Saturday, March 10, 2007

Mortgage foreclosures worsening, Fed warned

WASHINGTON - UNITED States Federal Reserve chairman Ben Bernanke and other policymakers were warned that rising mortgage foreclosures are likely to get worse, as the central bank reported the slowest pace of loan growth in four years.

At a meeting on Thursday of the Fed's Consumer Advisory Council, the officials heard anecdotes of default and families at risk.

Mortgage borrowing rose by US$792.5 billion (S$1.2 trillion) last year, the smallest gain since 2002, according to the Fed's quarterly Flow of Funds report.

The increase last quarter was the smallest since 1998, as two years of Fed interest-rate increases depressed loan demand and slowed the housing industry.

The Fed raised its benchmark rate to 5.25 per cent in June, compared with an average target of 3.2 per cent in 2005, a year when net new mortgage borrowing soared by a record US$1 trillion.

Economists surveyed by Bloomberg News expect the Fed will hold the rate through the third quarter, the median estimate shows.

Fed officials heard stories from Cleveland, Philadelphia, Denver and New York, where neighbourhoods are deteriorating as borrowers struggle to pay loans or abandon their homes in foreclosure, a process where lenders take possession of property.

'We feel like a canary in a coal mine,' said Ms Stella Adams, executive director of the North Carolina Fair Housing Centre in Durham. 'It is sad for us to know that there are 1.2 million families at risk from foreclosure.'

Around 1.2 million foreclosures were reported nationwide last year, up 42 per cent from 2005, according to RealtyTrac, which has a data base on foreclosed properties.

Delinquency rates on real estate loans rose to 2.11 per cent for all banks last quarter, the highest in four years, according to Fed data unadjusted for seasonal patterns.

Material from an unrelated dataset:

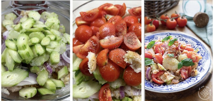 A panzanella deve ser preparada de manhã para o almoço e à tarde para o jantar e guardada na geladeira, mas fica ótima também no dia seguinte. Se você não gosta do sabor forte da cebola, coloque-a numa tigela, adicione meia colher de sopa rasa de sal e 50 ml de vinagre, misture e deixe descansar 10 minutos, então enxágue bem e escorra — você verá que ela vai perder grande parte da sua água de vegetação e do cheiro pungente, ficando mais doce.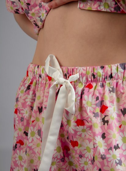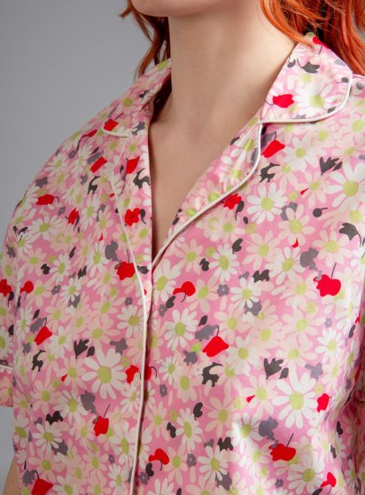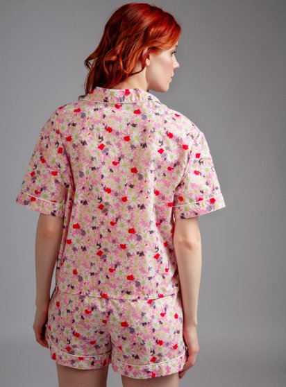 Оптовая продажа. Пижама женская из высококачественного хлопка розового цвета, с цветочным принтом по всему полотну, состоящая из рубашки и шорт. Рубашка прямая, свободного кроя, укороченная, с короткими втачными рукавами, воротником-отворотом, с обрамлением, центральной застежкой на пуговки. Шорты прямые, свободного кроя, укороченные, пояс на мягкой эластичной резинке, обеспечивающий удобство и свободу движений во время носки, надежно фиксируясь на теле, с регулирующей лентой. Изделия из натурального хлопка подходят для чувствительной кожи.

Much of the deterioration in mortgage quality was due to subprime loans, or credits to borrowers with little or poor credit history.

Some 2.2 million borrowers are at risk of losing their homes and at a potential cost of US$164 billion from subprime mortgages originated from 1998 to 2006 inclusive, according to a December study by the Centre for Responsible Lending, an advocacy group also based in Durham.

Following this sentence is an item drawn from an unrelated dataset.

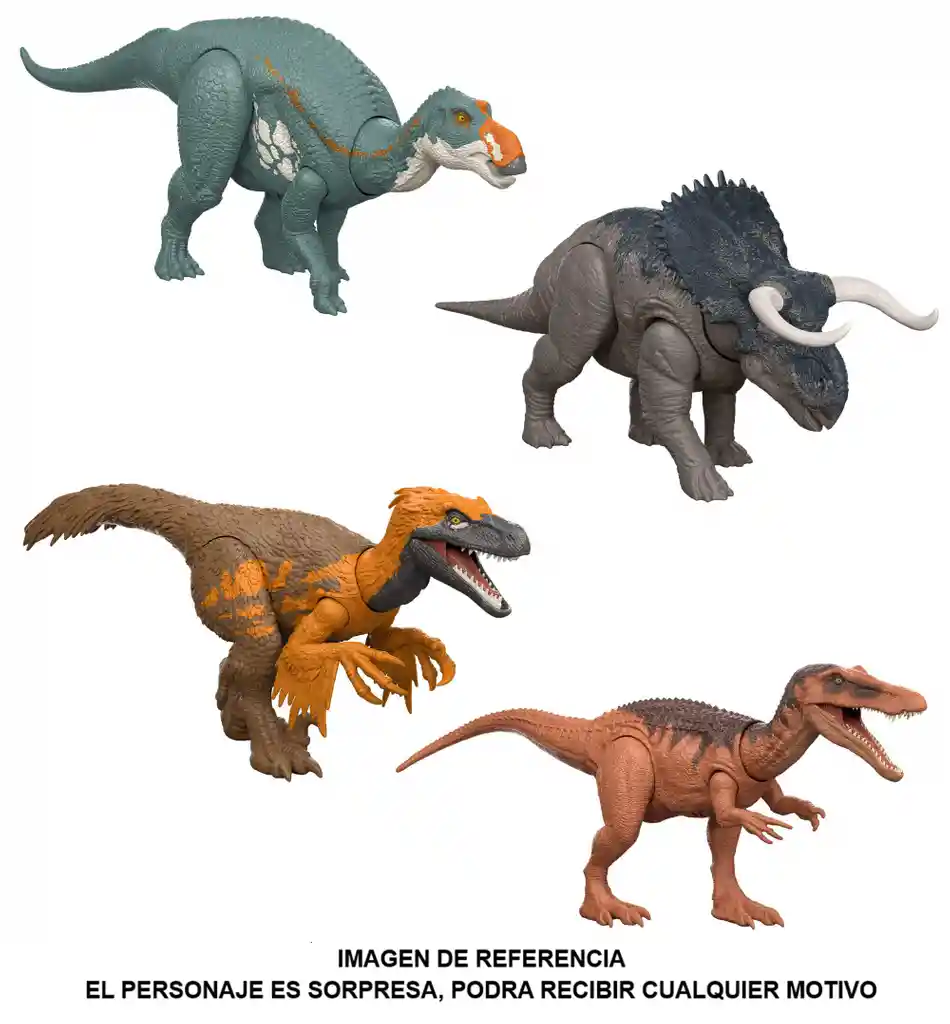 NOMBRE: JURASSIC WORLD DINOSAURIO DE JUGUETE REBIRTH RUGIDO SALVAJE REFERENCIA: JGB87 El precio indicado en la Publicación corresponde a 1 sola figura. (CADA MOTIVO SE VENDE POR SEPARADO) (SURTIDO SORPRESA) Nota: El fabricante nos proporciona este producto en modelos y/o colores aleatorios. Nos resulta imposible proporcionarte el producto en un modelo y/o color en particular. Al confirmar tu compra podrás recibir cualquier motivo del surtido generado por el fabricante. Muchas gracias por tu comprensión. ¡Diviértete y crea tus propias aventuras en compañía de tus amigos con estas increíbles figuras de Jurassic World! Llévate a casa la emoción de Jurassic World con estas figuras y ¡colecciona todas! La escultura realista y la decoración auténtica hacen que estas figuras de dinosaurios cobren vida. Los colores y las decoraciones pueden variar. Para mayores de 4 años. Fabricante: Mattel Importador: Mattel Colombia Recomendaciones: Requiere de la supervisión directa de un adulto, puede contener partes pequeñas, riesgo de asfixia o ahogamiento, no destinar este juguete para menores por debajo de la edad establecida en la etiqueta. Edad mínima sugerida: 4 años Lote: Dato variable. Se puede verificar en el sticker que trae el producto físico. Fecha de fabricación: Dato variable. Se puede verificar en el sticker que trae el producto físico.

On Thursday, New Century Financial, the No. 2 US subprime lender whose shares have plunged by almost 90 per cent this year, halted new loans and lined up almost US$1 billion in new funding to help it stay in business.

Still, analysts do not anticipate that banks will begin to curtail credit more broadly because of problems in the market for riskier mortgages.

'Fixed-rate loans, which make up roughly two-thirds of US mortgage originations, should perform well in the absence of a major labour-market slump,' Goldman Sachs Group economist Andrew Tilton wrote in a note to clients on Wednesday.